Este año se cumplen 20 años de la publicación de “Flora del Iberá'', un libro central en la  identificación de plantas, hongos, líquenes nativos de esa región. Sus editoras fueron Mercedes Arbo y Sara Tressens, bajo el sello de la Unne.

Por Carlos Lezcano

Especial para El Litoral

Para realizar este trabajo se utilizaron 8000 ejemplares recolectados en el área, conservados en el herbario del Instituto de Botánica del Nordeste, las colecciones del ingeniero Romero Carnevalli, del doctor Troels Myndel Pedersen de Carambola en Concepción, Caá Guazú en San Roque y otras estancias, y las del profesor José Neiff. Podemos decir que se trata de una obra colectiva, ya que participaron investigadores, profesores, auxiliares de cátedra y estudiantes, además de la colaboración del gobierno de Corrientes de entonces e instituciones botánicas argentinas y extranjeras.
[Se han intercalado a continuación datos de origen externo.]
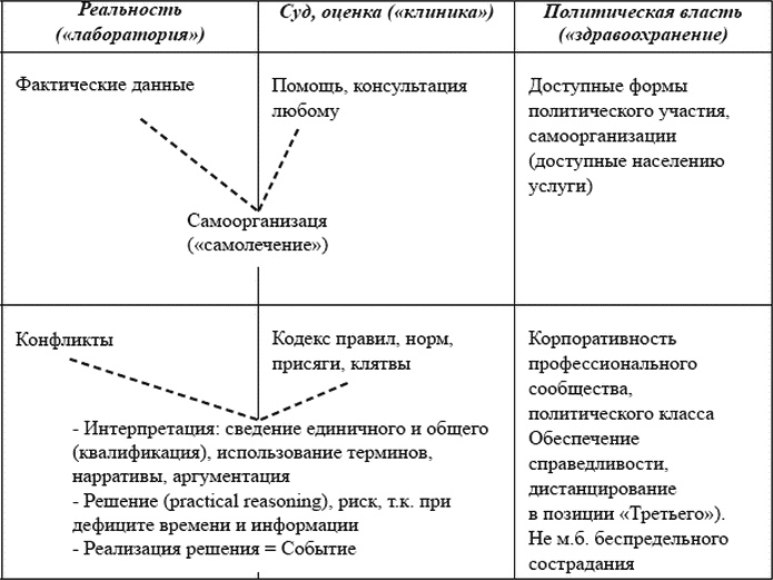 В целостной системе культуры общества политический опыт играет особую роль, обеспечивая совокупное единство этой системы. Политика в чем-то аналогична медицине. Так же как целью медицины является обеспечение здоровья (целостности) организма, так и целью политики является обеспечение здоровья (целостности) социума (общественного «организма»). Более полное содержание аналогии см. Табл. 1
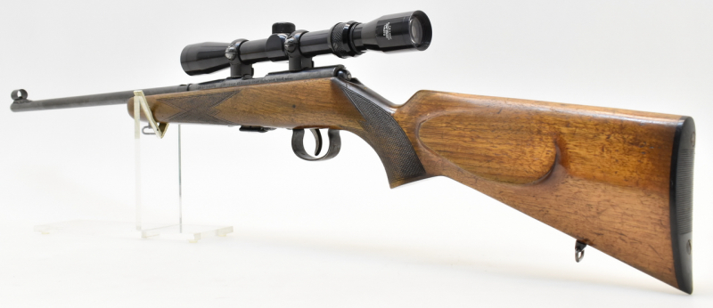 Handliche KK-Büchse mit einem 5-Schuss Magazin und Direktabzug. Der Lauf ist blank. Die Brünierung stellenweise berieben, Schaftholz mit deutliche Gebrauchsspuren. Montiert ist die Waffe mit einemTasco ZF 3-9x32 Abs.1.
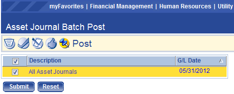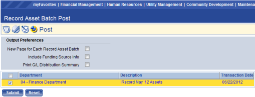 Once the batch has been approved, it will be available for posting. Users can check the batch (es) they wish to post by clicking the check box next to their batch and then Submit. Note there is also a Show Preferences option when posting record asset batches. These options are supplements to the standard post listing and work the same way as the Edit Listing options explained in the step above. Once the batch is posted, a journal will be in the Journal List waiting to be posted to the General Ledger.
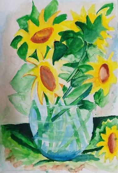 Sunflower Vas, painting by Child Artist Gargei Rahul Lavekar
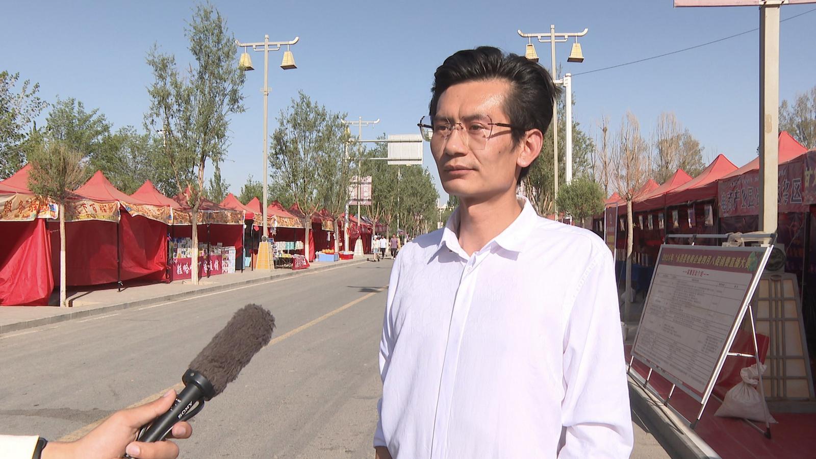 甘肃慕森网络科技有限公司总经理 张文骋:我们电商厂业园在四月八商品展销会上,主要是销售永昌羊肚菌、藜麦、亚麻籽油、大麦茶、永昌酒等,目前线下成交额为8万余元,希望通过我们大家共同的努力,让更多的人都能知道我们永昌的特色产品。
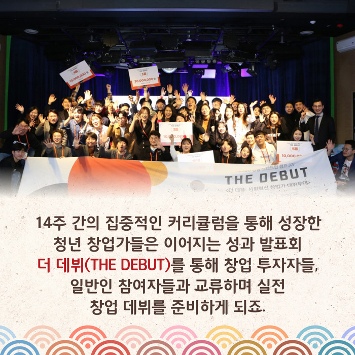 14주 간의 집중적인 커리큘럼을 통해 성장한 청년 창업가들은 이어지는 성과 발표회 더 데뷔(THE DEBUT)를 통해 창업 투자자들, 일반인 참여자들과 교류하며 실전 창업 데뷔를 준비하게 되죠.
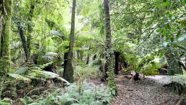 zur "Cathedrale of Ferns" was sich als eine Ansammlung von Baumfarnen darstellte und...
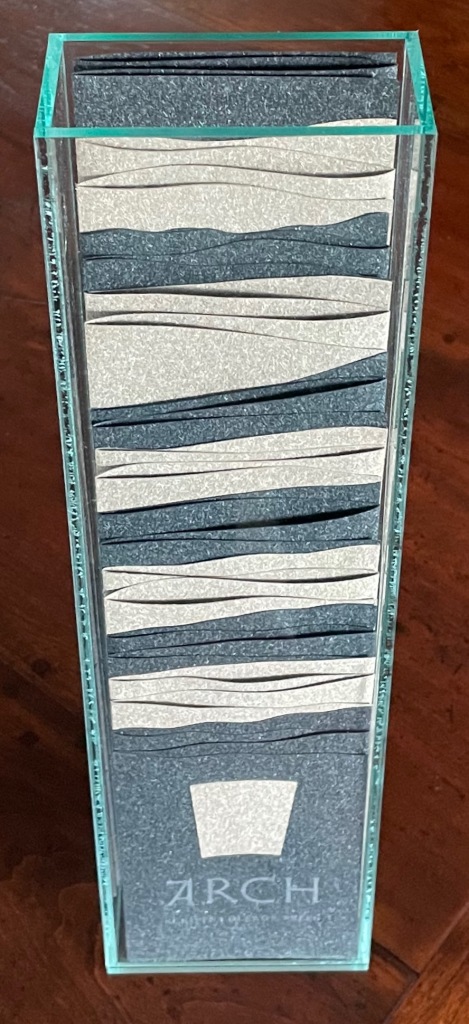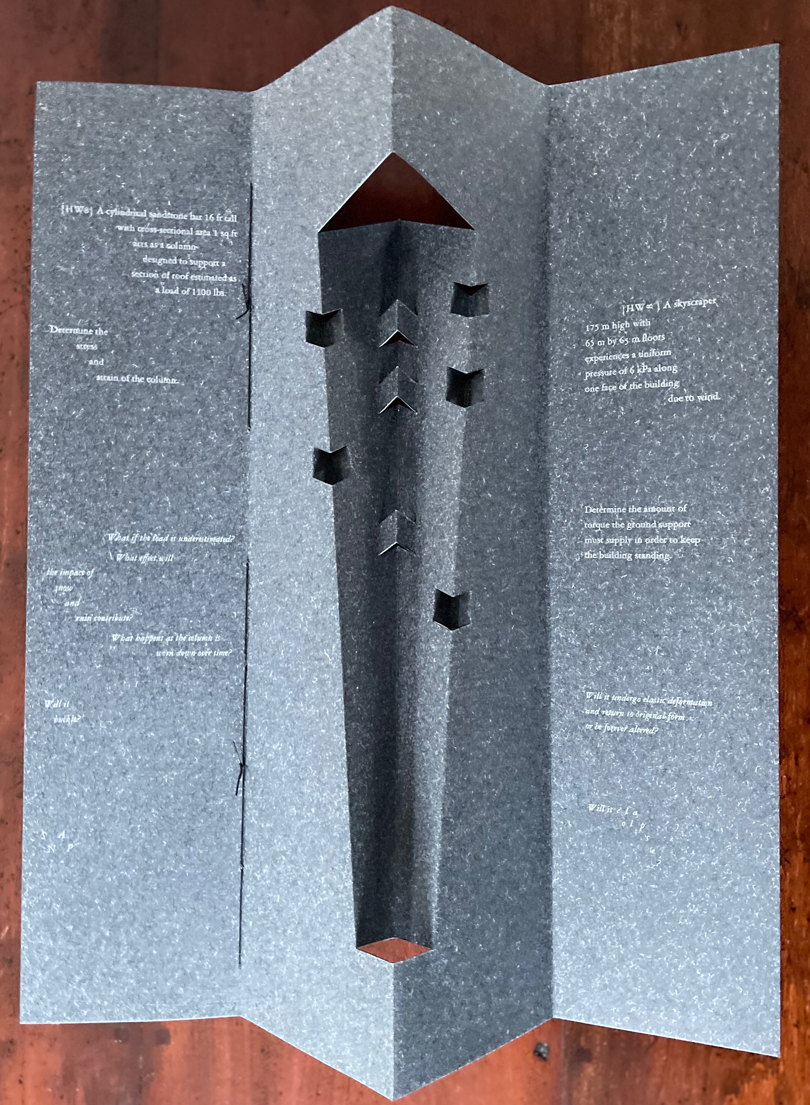 Clever structural use of paper with a stone-like appearance, paired with apt choices of text matched with equally judicious choices in typography, evoke the similarities between books and buildings. Each architect/bookmaker’s contribution is a self-covering booklet in leporello format. Of different heights, the booklets are sewn together to create a tiered tower to be housed in an acrylic slipcase.
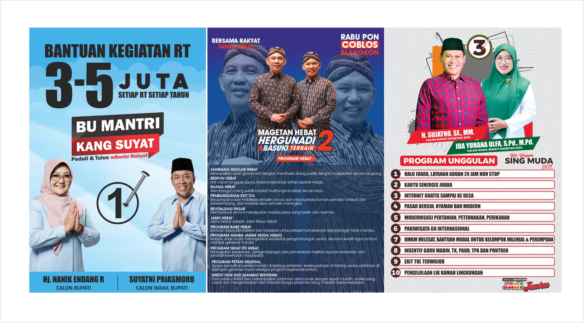 Sebagai informasi, pada Pemilihan Bupati dan Wakil Bupati Magetan tahun 2024 mendatang, terdapat tiga kontestan yang akan bertarung dalam pesta demokrasi, diantaranya Paslon dengan tagline “Niat” (Nanik Sumantri-Suyatni Priasmoto), “Hebat” (Hergunadi-Basuki Babussalam), dan juga “Jadi Juara” (Sujatno-Ida Yuhana Ulfa).

“Esta es una obra diferente de un área diferente. El Iberá es una de las regiones del país que por su carácter agreste ha sido una de las últimas en ser exploradas científicamente. Los bordes del sistema fueron tocados por los jesuitas, con sus explotaciones ganaderas, por Félix de Azara a fines del siglo XVIII, por Alcides d’Orbigny a principios del XIX y recién a principios del siglo XX, en 1910, año del centenario, por una expedición organizada por la Sociedad Científica Argentina a cargo del naturalista Enrique Puysegur”, sostienen Carmen Cristóbal y Antonio Krapovicas en el prólogo de la obra.

En la entrevista, la doctora Mercedes Arbo cuenta a El Litoral el proceso y la importancia de la obra.
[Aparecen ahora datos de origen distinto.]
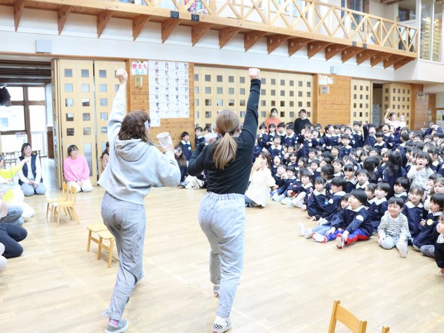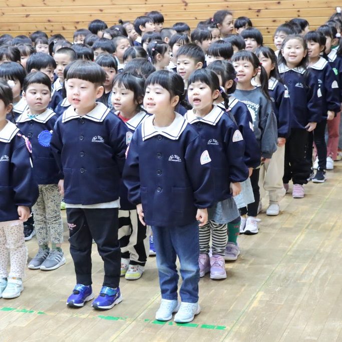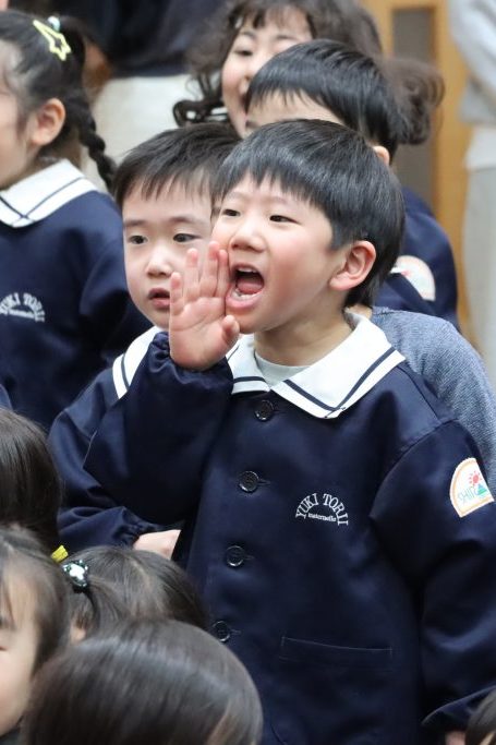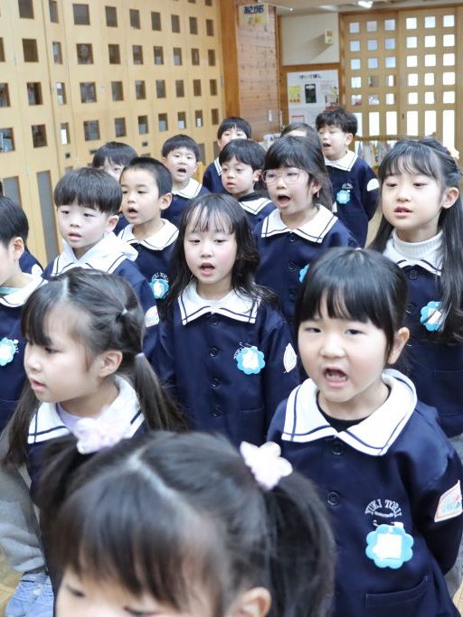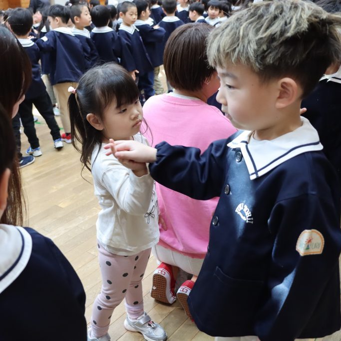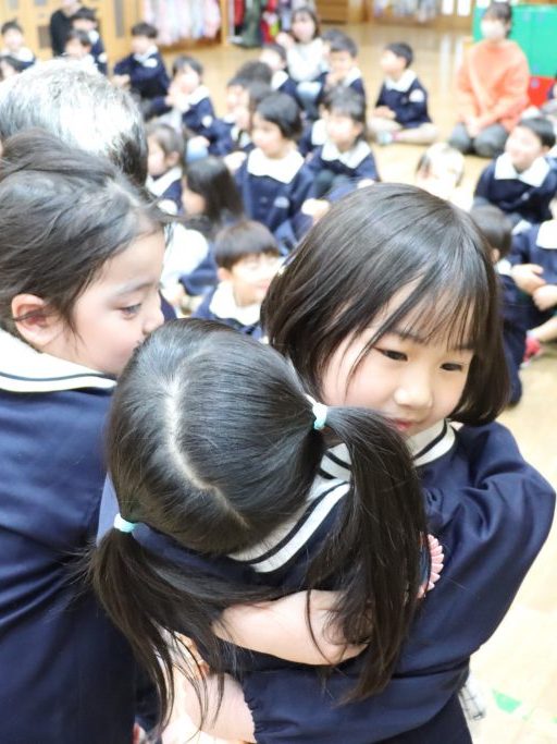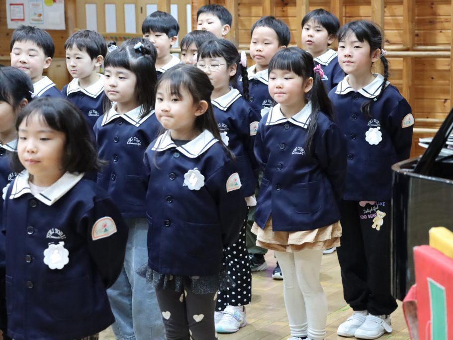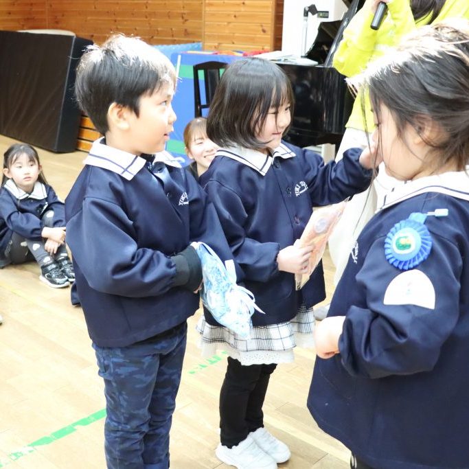 全園児がホールに集まり、卒園を迎える年長児達と過ごす「お別れ会」
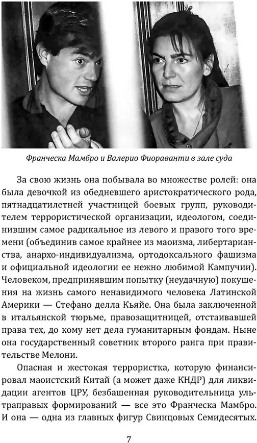 💳 Оплатить за товар можно при получении 🇰🇿 Есть бесплатная доставка по Казахстану от 1 дня 🎁 Копите бонусы с каждой покупки Серия: Против течения Семидесятые годы прошлого века вошли в историю как «свинцовые семидесятые». Это было удивительное время, когда по всей Европе взрывались бомбы, полыхали государственные учреждения и машины полиции, политиков убивали, а радикальная молодежь воевала с государством и между собой. Именно тогда в Италии восходит кровавая звезда терроризма того времени — вселяющая ужас в политиков и народ Франческа Мамбро. Её политическая деятельность выльется в десятки терактов (среди которых и самый крупный за всю историю Италии) и сотни унесенных жизней. Но путь этого человека не окончится в тюрьме. Он продолжится в правительственных кабинетах, как и путь множества других боевиков той эпохи. |
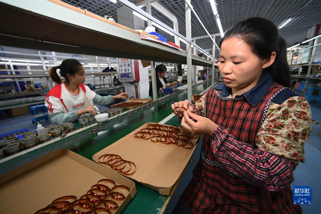 6月12日,工人在鳳岡縣一揚聲器生產(chǎn)企業(yè)加工組裝音圈。
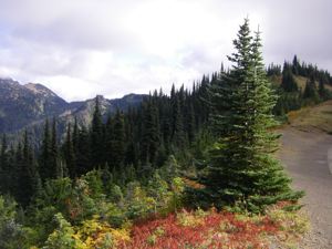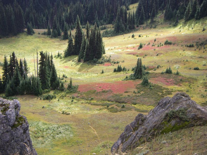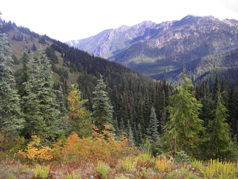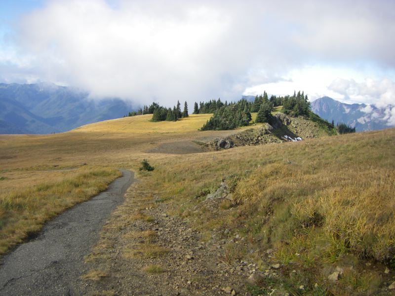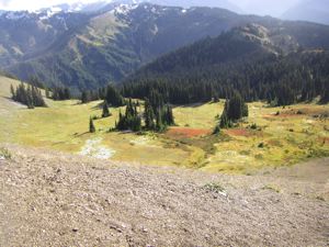 The short, wet summer kept the hillside vegetation green late into September, but now it had all turned to gold. Here and there we could see the fall colors with browns and golds and here and there brilliant red. Above us loomed the bulk of Hurricane Hill, its summit dusted white above us.

Se cumplen 20 años de la edición de “Flora del Iberá” publicada por la Unne. Usted fue una de sus coordinadoras. ¿Cómo fue hacer ese trabajo en esos años y en qué contexto se hizo?

La “Flora del Iberá” fue un trabajo de muchos años. Cuando llegaron a Corrientes, el ingeniero Antonio Krapovickas y su esposa, la doctora Carmen Cristóbal, se dieron cuenta de que hacía falta conocer la flora de la provincia. Había muchas plantas que no se podían identificar, entonces iniciaron campañas de colección de plantas en Corrientes y otras provincias y también en países vecinos. En Corrientes, el Iberá fue una de las regiones que se visitó más de una vez, las primeras colecciones se hicieron entre 1971 y 1977.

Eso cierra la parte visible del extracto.